Des secouristes pendant la seconde Guerre Mondiale
C’est véritablement après 1940 que la Croix-Rouge à travers ses membres devient un microcosme de la société française. La guerre a suscité un grand élan de solidarité national. Chacun donne de son temps à sa manière, de la confection de colis et de lainages pour les prisonniers de guerre au secours des victimes des bombardements, en passant par l’accueil des rapatriés des camps…

La guerre et les secouristes

Beaucoup de bénévoles prennent des risques durant la seconde Guerre Mondiale, comme ces convoyeuses qui intègrent des enfants juifs aux groupes d’enfants éloignés en train vers les campagnes, les arrachant ainsi à la déportation. Tout comme ces secouristes qui perdent la vie, durant les combats de la libération, malgré le brassard qui les distingue et aurait dû les protéger...

Le secourisme est un facteur important d’une plus grande ouverture au bénévolat. Les dirigeants de la Croix-Rouge poussent à un recrutement plus massif : il faut ouvrir les rangs, apprendre au plus grand nombre à apporter les premiers secours, être à l’écoute des besoins de la population…

Ces arguments seront le grand leitmotiv de l’après-guerre, avancés en novembre 1951 par le premier bénévole d’entre tous, le Président de la Croix-Rouge française, Georges Brouardel : « Si l’on veut une Croix-Rouge qui soit de plus en plus populaire, très largement ouverte à tous, ou chacun puisse travailler côte à côte avec l’artisan, l’employé et l’ouvrier, il faut développer le secourisme. »

Ouverture, démocratisation, parité

Comme les infirmières avant guerre, les secouristes représentent par la suite l’essentiel des effectifs bénévoles.

Dès 1956, un nombre important d’ouvriers, apprentis, employés se mêlent aux étudiants, médecins et ingénieurs. Au sein des camps de chefs d’équipes, les futurs responsables, venus de toute la France, également répartis entre hommes et femmes, ont en moyenne entre 20 et 25 ans.

L’association se positionne aussi comme une force morale : « Etre membre de la Croix-Rouge, c’est s’efforcer soi même d’être un homme, mais c’est aussi s’employer à ce que chacun le soit ou puisse le devenir, dans la plénitude de ses moyens » (Vie et Bonté n°74, avril 1956).

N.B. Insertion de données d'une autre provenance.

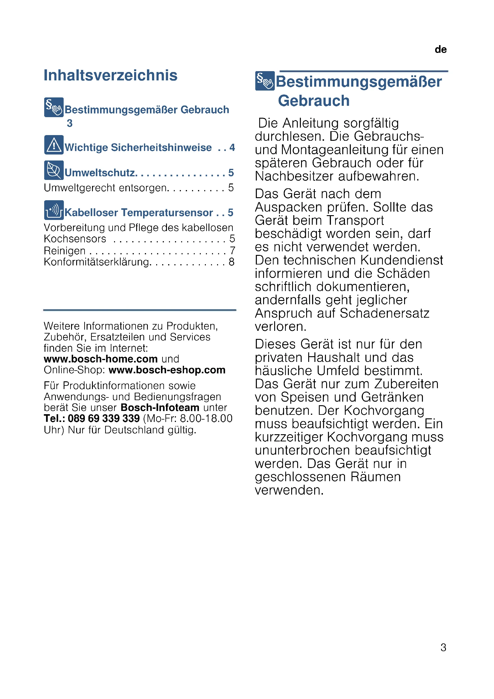 - Konformitätserklärung Produktinfo Weitere Informationen zu Produkten, Zubehör, Ersatzteilen und Services finden Sie im Internet: www.bosch-home.com und Online-Shop: www.bosch-eshop.com Für Produktinformationen sowie Anwendungs- und Bedienungsfragen berät Sie unser Bosch-Infoteam unter Tel.: 089 69 339 339 (Mo-Fr: 8.00-18.00 Uhr) Nur für Deutschland gültig. 8 Bestimmungsgemäßer Gebrauch Be s t i mmungsgemäßer Gebr auch Die Anleitung sorgfältig durchlesen. Die Gebrauchs- und Montageanleitung für einen späteren Gebrauch oder für Nachbesitzer aufbewahren. Das Gerät nach dem Auspacken prüfen. Sollte das Gerät beim Transport beschädigt worden sein, darf es nicht verwendet werden. Den technischen Kundendienst informieren und die Schäden schriftlich dokumentieren, andernfalls geht jeglicher Anspruch auf Schadenersatz verloren. Dieses Gerät ist nur für den privaten Haushalt und das häusliche Umfeld bestimmt. Das Gerät nur zum Zubereiten von Speisen und Getränken benutzen. Der Kochvorgang muss beaufsichtigt werden. Ein kurzzeitiger Kochvorgang muss ununterbrochen beaufsichtigt werden. Das Gerät nur in geschlossenen Räumen verwenden.de p. 8

Libres et conscients de leur choix d’engagement, ils prêtent serment. Le secourisme permet aussi de « donner à la jeunesse l’occasion de fournir dans nos rangs un effort bénévole, d’affirmer sa personnalité et de jouer un rôle positif » (André François-Poncet, Président de la Croix-Rouge française, 1965).

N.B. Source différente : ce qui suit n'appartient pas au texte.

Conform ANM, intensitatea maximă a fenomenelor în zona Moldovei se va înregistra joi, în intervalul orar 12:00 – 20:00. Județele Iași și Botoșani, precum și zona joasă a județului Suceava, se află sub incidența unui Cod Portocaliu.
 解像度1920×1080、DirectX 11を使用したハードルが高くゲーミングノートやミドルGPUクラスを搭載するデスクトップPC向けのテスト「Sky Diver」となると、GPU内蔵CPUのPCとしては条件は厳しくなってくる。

Cette jeunesse du bénévolat, surreprésentée chez les secouristes, est appelée de tout cœur par tous les présidents successifs, mais, jugée trop remuante, n’est pas toujours du goût des bénévoles de l’ancienne école. La question est ouvertement discutée, et si l’on refuse « les préjugés et la méfiance des personnes vivant plus dans le passé, qui restent attachées au caractère aristocratique de la Croix-Rouge des origines » (André François-Poncet, 1967) on rappelle aussi à l’ordre les garçons aux cheveux longs et les filles en mini-jupes !

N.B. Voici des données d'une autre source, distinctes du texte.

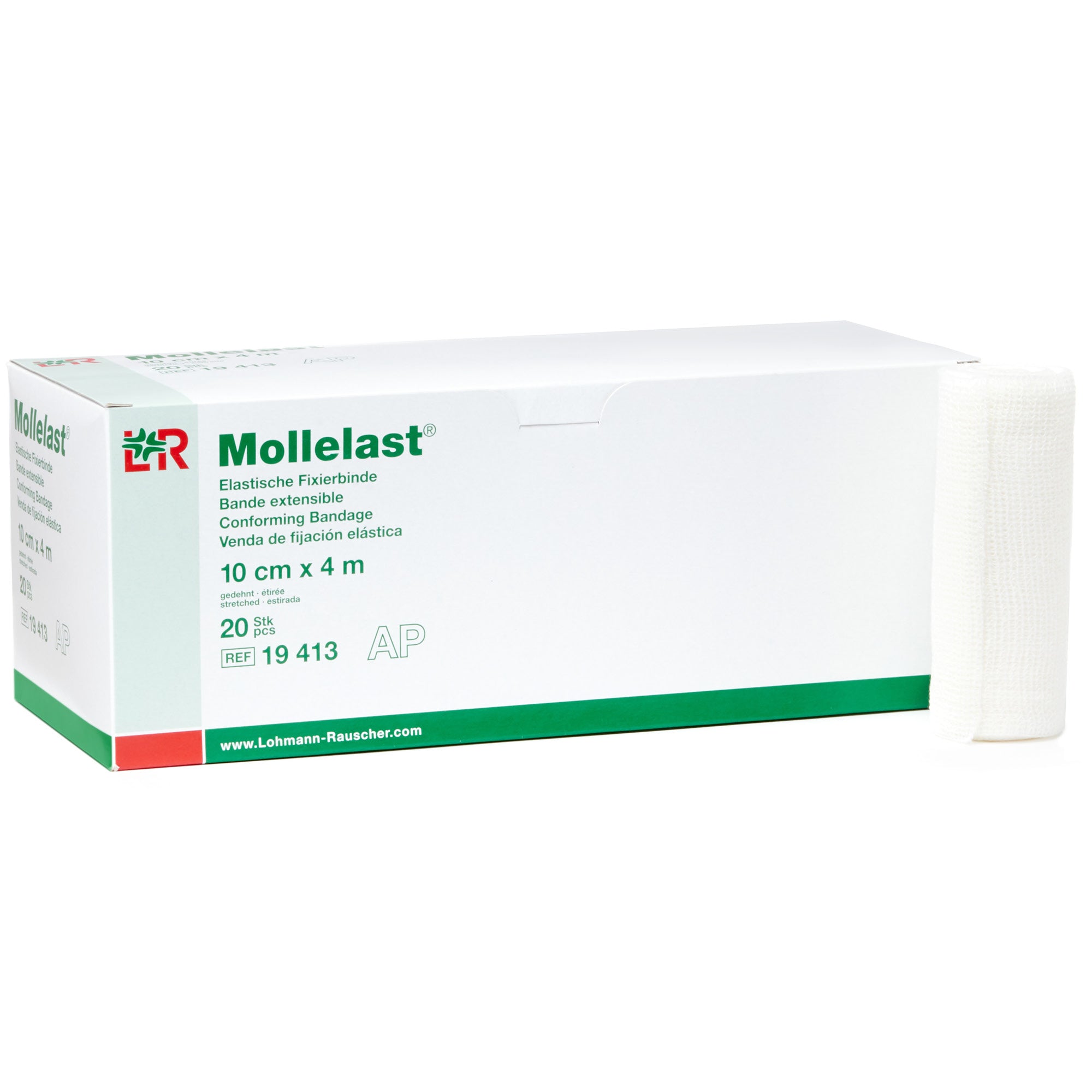 Hand applying white bandage to another hand on a light gray background Foot with a bunion corrector on a plain background Mollelast bandage packaging on a white background Mollelast bandage packaging on a white background Mollelast bandage packaging on a white background Box of Mollelast bandage on a white background Mollelast elastic bandage packaging on a white background

Toutefois, en 1970, en dépit de la « crise de la jeunesse » qui secoue la société, 25% des bénévoles ont moins de 25 ans, 50% entre 25 et 37 ans.

Parallèlement, la nécessité de la diversité s’impose. En octobre 1960, à Alger en pleine guerre de décolonisation, on nomme pour la première fois un directeur départemental musulman, originaire d’Algérie.

En 1970 comme en 1956, on constate que toutes les catégories socioprofessionnelles sont représentées. L’équilibre d’avant-guerre est définitivement inversé : la Croix-Rouge compte moins de membres issus des classes dirigeantes, en faveur d’une plus grande représentation des classes moyennes et ouvrières.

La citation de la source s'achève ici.